Although the records include pictures, the copy should not; write out exactly the lines from the first through the line with "VTMTober Day 4".

>>>>

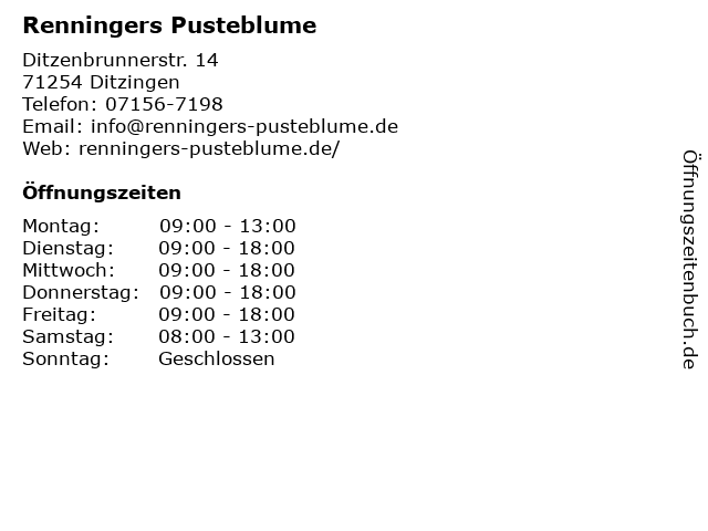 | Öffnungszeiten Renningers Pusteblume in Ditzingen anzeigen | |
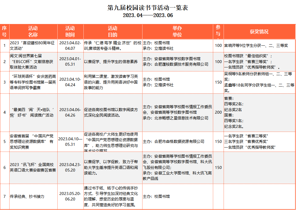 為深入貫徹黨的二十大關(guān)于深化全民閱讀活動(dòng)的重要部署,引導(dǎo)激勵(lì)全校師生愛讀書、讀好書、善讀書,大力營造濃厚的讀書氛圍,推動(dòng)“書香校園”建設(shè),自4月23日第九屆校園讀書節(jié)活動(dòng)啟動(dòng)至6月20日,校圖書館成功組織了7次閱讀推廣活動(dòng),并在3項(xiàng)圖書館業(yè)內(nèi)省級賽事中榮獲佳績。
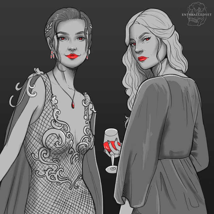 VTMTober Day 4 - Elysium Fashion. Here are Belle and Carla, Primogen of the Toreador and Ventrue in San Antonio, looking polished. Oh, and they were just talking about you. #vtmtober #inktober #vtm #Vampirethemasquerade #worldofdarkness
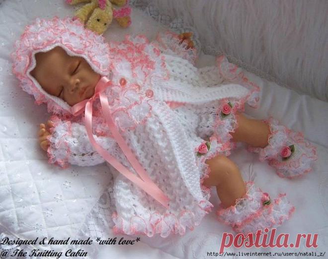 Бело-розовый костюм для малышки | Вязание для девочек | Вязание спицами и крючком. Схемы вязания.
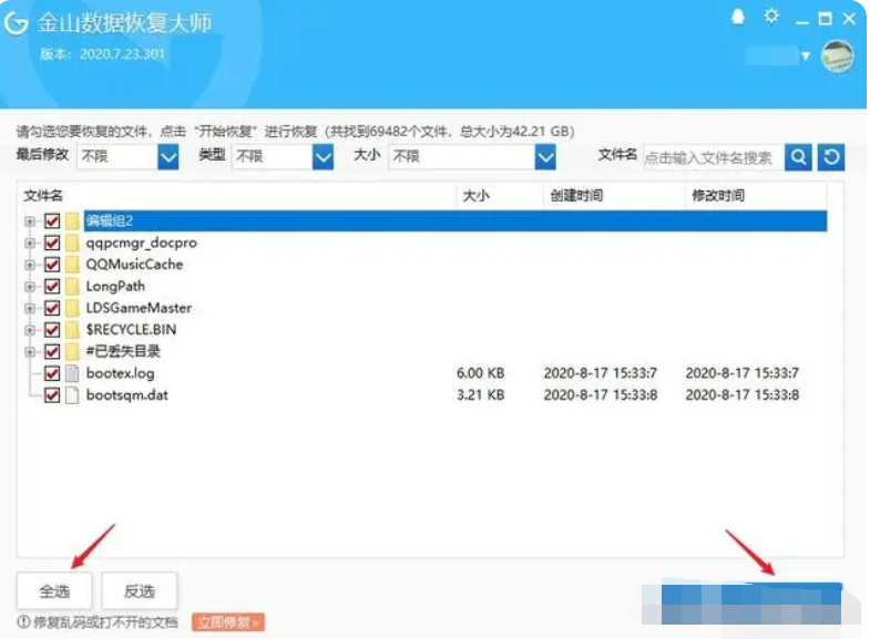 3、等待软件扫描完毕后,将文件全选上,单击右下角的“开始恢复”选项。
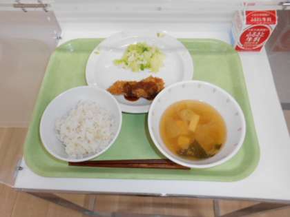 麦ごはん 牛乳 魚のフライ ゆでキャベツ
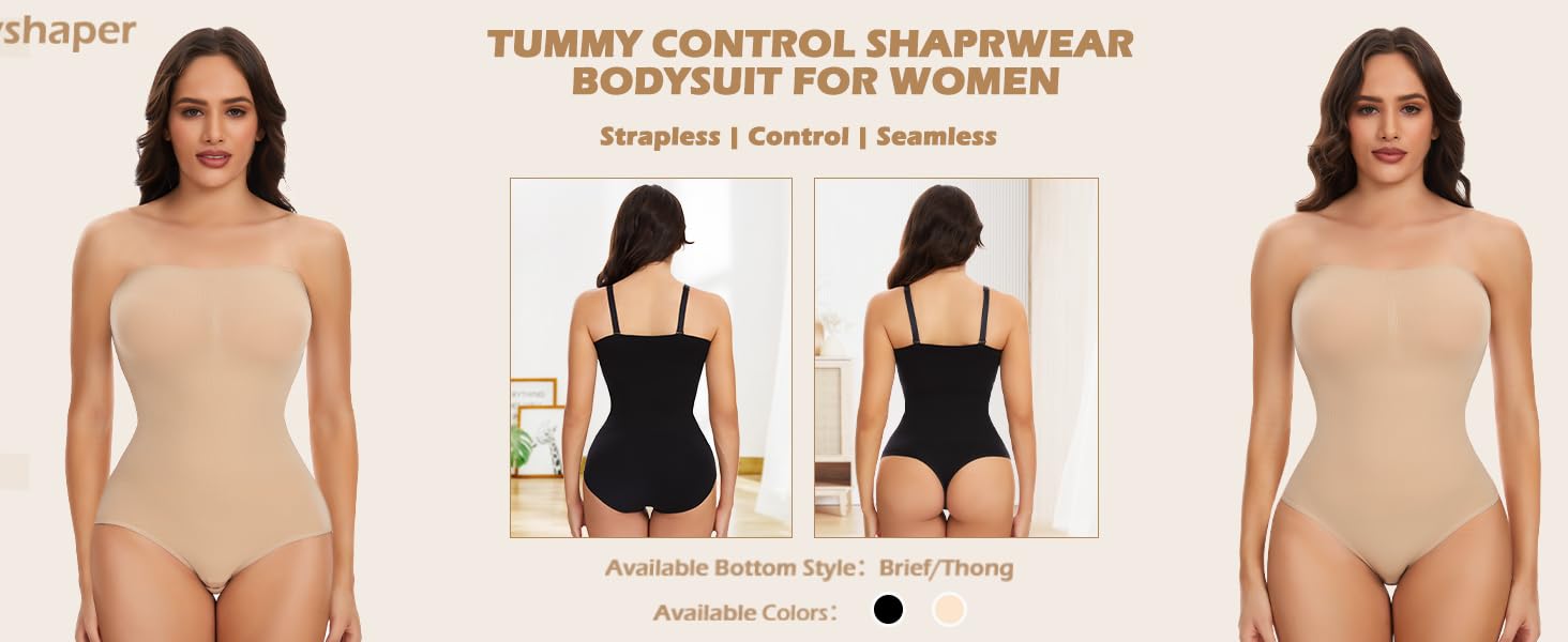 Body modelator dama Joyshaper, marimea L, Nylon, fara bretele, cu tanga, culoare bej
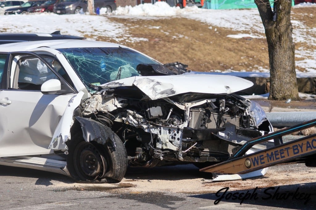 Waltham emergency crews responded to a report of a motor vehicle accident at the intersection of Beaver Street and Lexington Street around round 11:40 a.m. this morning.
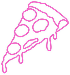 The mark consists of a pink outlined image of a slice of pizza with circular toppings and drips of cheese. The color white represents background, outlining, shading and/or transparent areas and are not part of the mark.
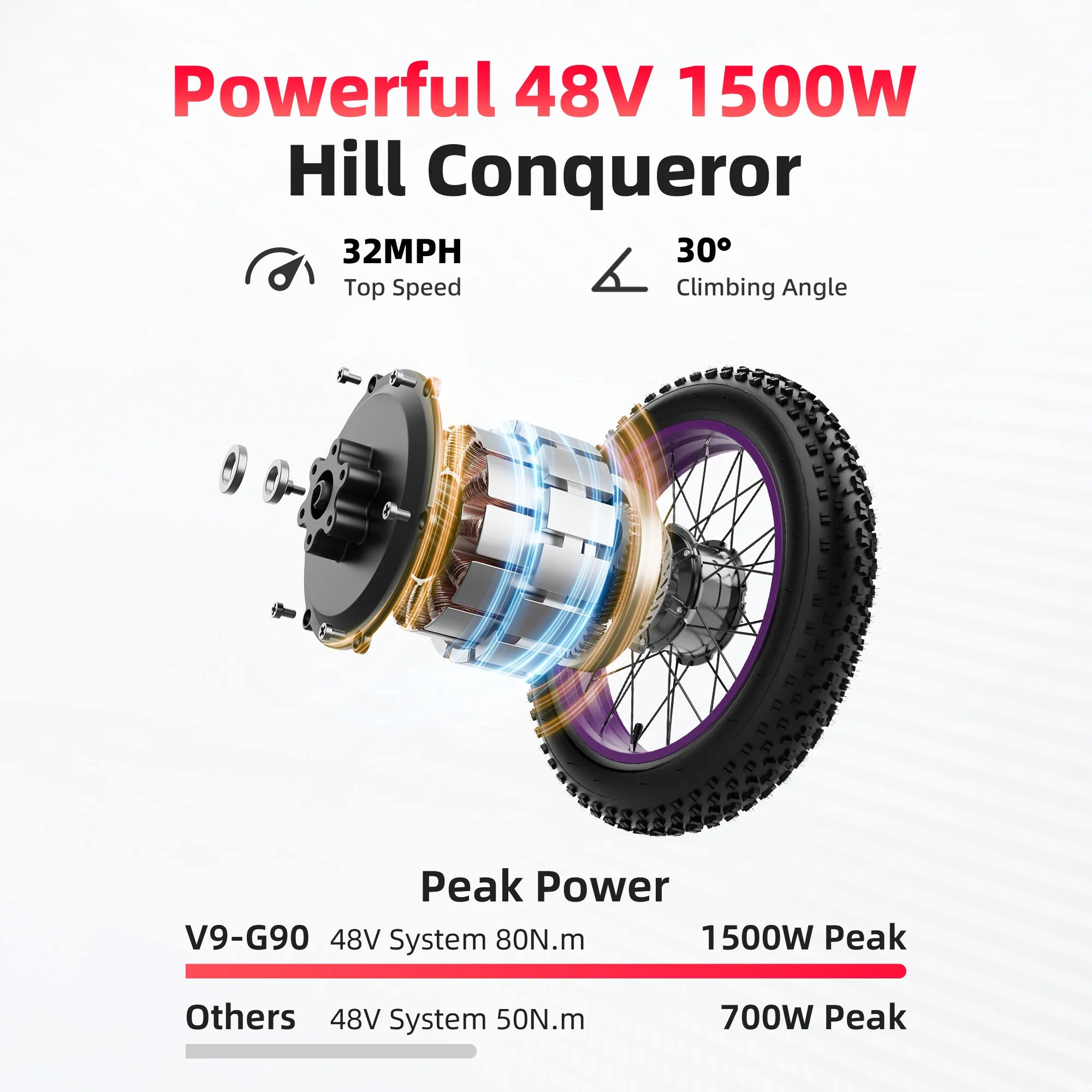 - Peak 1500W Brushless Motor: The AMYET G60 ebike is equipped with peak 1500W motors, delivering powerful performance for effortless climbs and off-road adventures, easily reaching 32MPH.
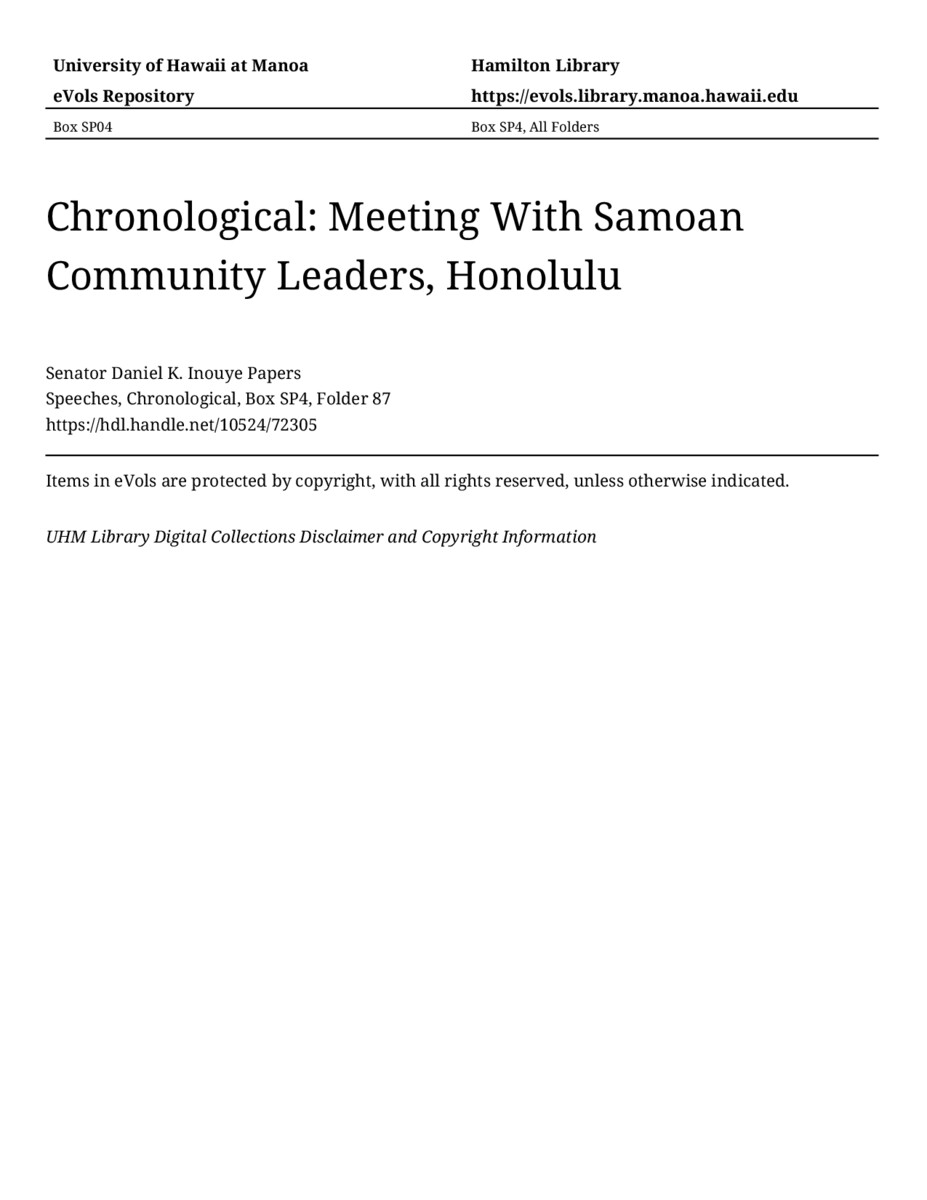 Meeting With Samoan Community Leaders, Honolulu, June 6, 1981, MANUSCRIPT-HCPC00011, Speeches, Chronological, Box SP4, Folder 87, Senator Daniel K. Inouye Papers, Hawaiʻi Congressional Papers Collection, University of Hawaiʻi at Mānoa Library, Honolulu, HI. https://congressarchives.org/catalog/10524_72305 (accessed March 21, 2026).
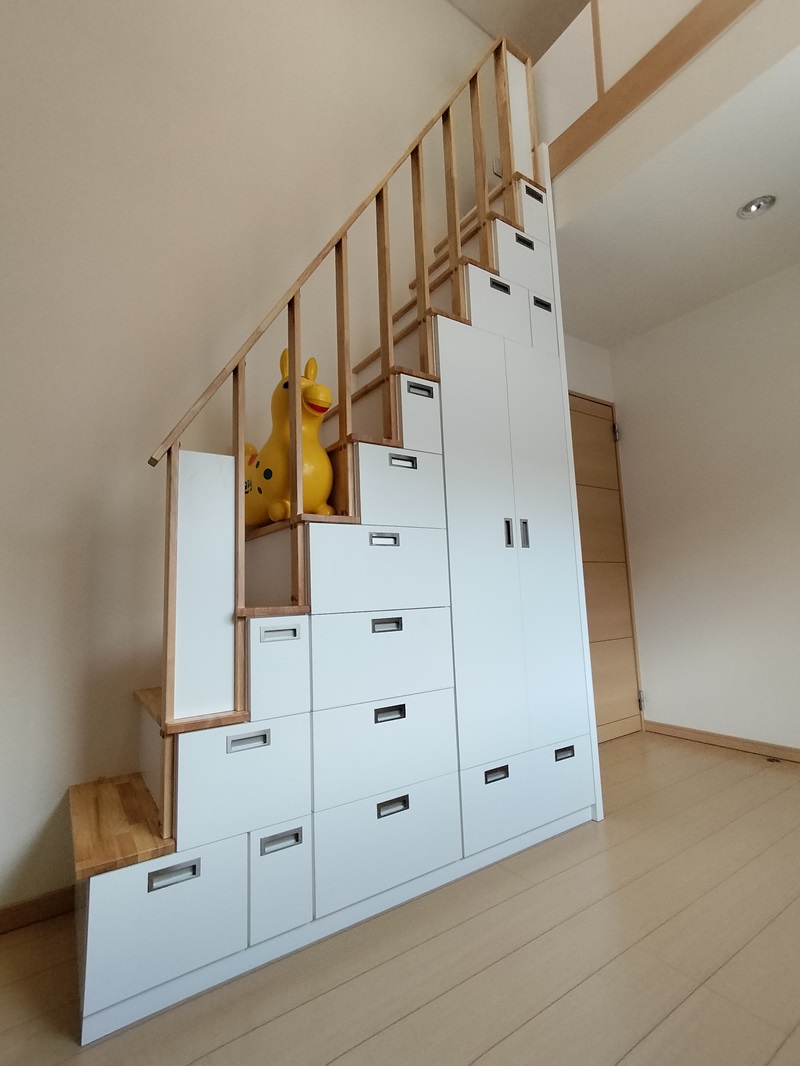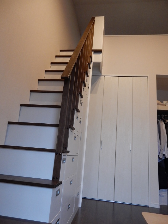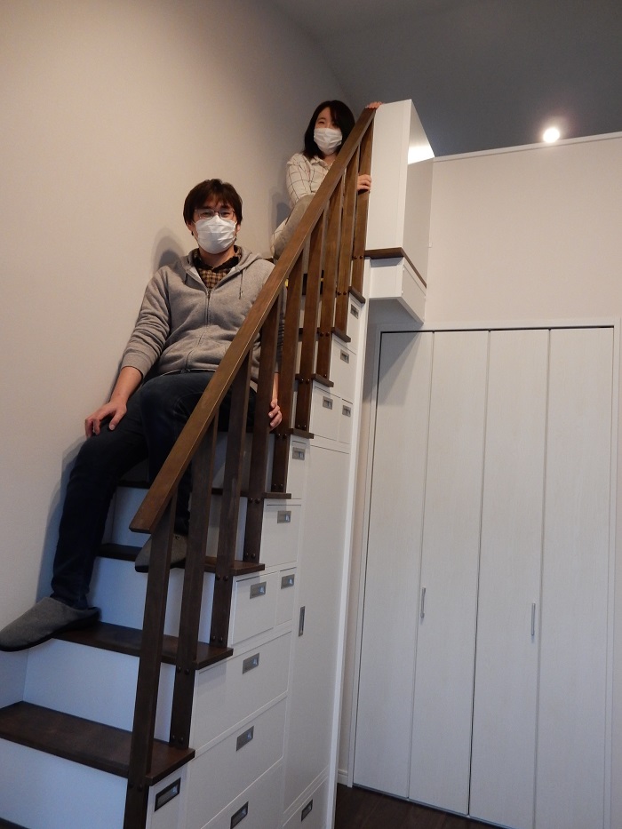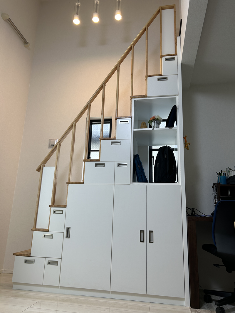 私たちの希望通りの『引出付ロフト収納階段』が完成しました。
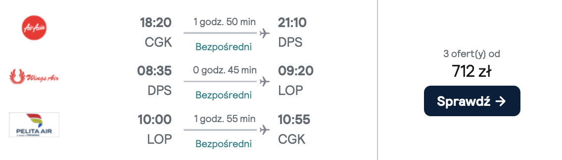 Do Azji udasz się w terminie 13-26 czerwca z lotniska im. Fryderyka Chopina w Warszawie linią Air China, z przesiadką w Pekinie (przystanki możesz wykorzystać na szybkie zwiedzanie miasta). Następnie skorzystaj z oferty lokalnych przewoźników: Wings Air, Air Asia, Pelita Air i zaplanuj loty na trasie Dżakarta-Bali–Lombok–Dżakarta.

<<<<

* [Finished task]:
 | Öffnungszeiten Renningers Pusteblume in Ditzingen anzeigen | |
 為深入貫徹黨的二十大關(guān)于深化全民閱讀活動(dòng)的重要部署,引導(dǎo)激勵(lì)全校師生愛讀書、讀好書、善讀書,大力營造濃厚的讀書氛圍,推動(dòng)“書香校園”建設(shè),自4月23日第九屆校園讀書節(jié)活動(dòng)啟動(dòng)至6月20日,校圖書館成功組織了7次閱讀推廣活動(dòng),并在3項(xiàng)圖書館業(yè)內(nèi)省級賽事中榮獲佳績。
 VTMTober Day 4 - Elysium Fashion. Here are Belle and Carla, Primogen of the Toreador and Ventrue in San Antonio, looking polished. Oh, and they were just talking about you. #vtmtober #inktober #vtm #Vampirethemasquerade #worldofdarkness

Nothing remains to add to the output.